[OPE-L:107] [OPE-L:343] Re: Re: working-class savings

Gerald Levy (glevy@pratt.edu)
Wed, 18 Nov 1998 06:42:33 -0500 (EST)

Thanks for the reference, Ajit. However, when you write --

> <snip> All these variables are determined in the
> historical class struggle. Marx's point is not that an individual worker
> cannot save at any given point in time. His basic point is that for the
> working class as a whole there cannot be persistent positive saving, i.e.
> the working class cannot go on bequeathing property from one generation to
> another. If the working class as a whole could go on saving persistently,
> then, in the long run, they would not remain the propertyless proletariats,
> and the whole basis of the capitalist mode of production would collapse.
> Thus, the assumption that workers consume all the wages is a sound
> assumption in Marx's theoretical system.

I think you misunderstand my question(s). I was not asking whether Marx
assumed that workers' savings = -0-. I was asking, instead, for any
references written by Marxists in which workers' savings were > -0-.

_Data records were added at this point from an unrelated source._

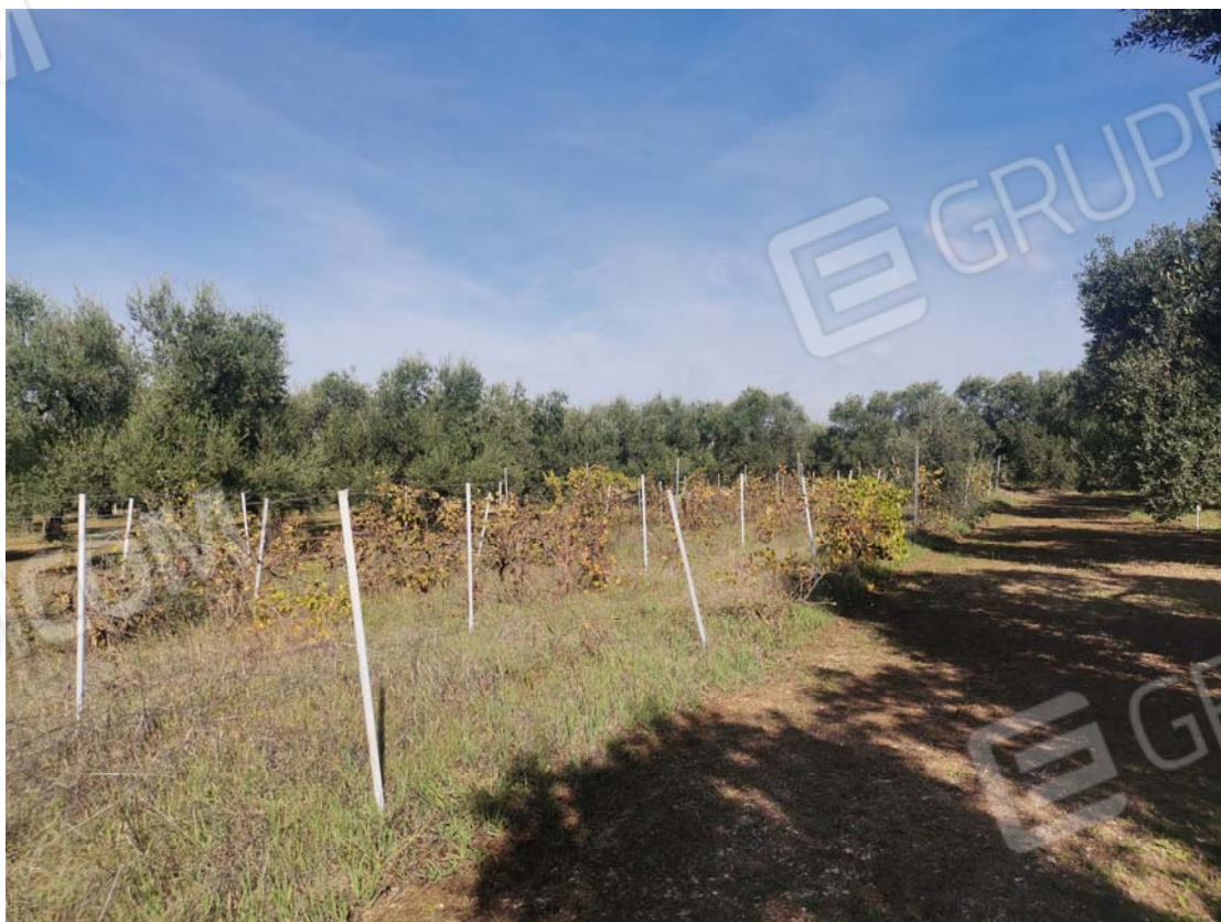
4. vista lato est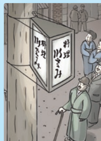
三角形三面ガラス入り行灯型広告 (明治時代)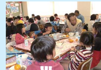
地域の方と一緒に給食(南小)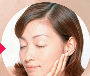
マッサージするようにお肌になじませてお手入れ完了!!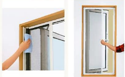
横引きロール網戸XMY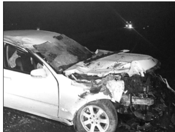
От нарушения правил до беды – один шаг

Надежда ЧЕРЕПАНОВА.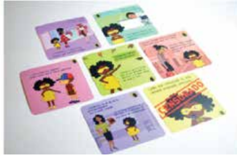
Juego de empatía utilizando los mensajes de Candelaria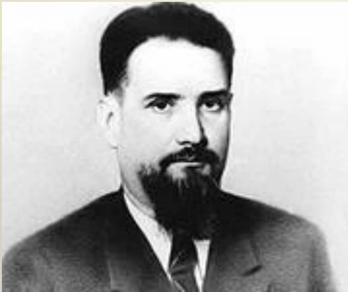
ИГОРЬ ВАСИЛЬЕВИЧ КУРЧАТОВ.

You raise the question of whether, over the long-run, the inheritance of
workers' savings can lead to a change in class membership. I think you
raise a valid point, *but* workers' savings doesn't have to be large
enough per family or a large amount of inheritance/family for it to be
important for the macroeconomy. After all, we're talking about savings
by 80% (or so) of families. Even if that doesn't break-down to much money
per family in relationship to savings per bourgeois family, the total
amount saved would be important to the macroeconomy. Also, it would be
important to the individual working-class families. Suppose a significant
percentage of an individual working-class family income (let's say 20%) is
derived from interest. Under those circumstances then if they are
receiving less interest with the same amount saved, then their total
income has gone down, ceteris paribus. Before someone considers this to
be a marginal case, consider the elderly who in many countries have over
the course of a lifetime saved a substantial amount of money. Indeed, in
many countries they *have* to save some money to be able to pay for
medical bills, nursing, housing, and burial when they are older. In Japan,
for instance, there aren't generally pensions and instead a worker is
given a one-time "golden parachute" of sorts (in practice, this generally
means that the elderly family members often become more reliant on their
children or other relatives). Thus, by the time many (most?) of these
former workers die their savings will have either been greatly eroded or
completely disappeared. There isn't therefore generally what you call
"persistent positive saving" (as you define it above).

Thus, on the level of concretion where we are examining an advanced
capitalist economy in the period of late capitalism, we have to consider
the effect of savings by working-class families. This would be the case
regardless of what Marx wrote or did not write. Do you agree?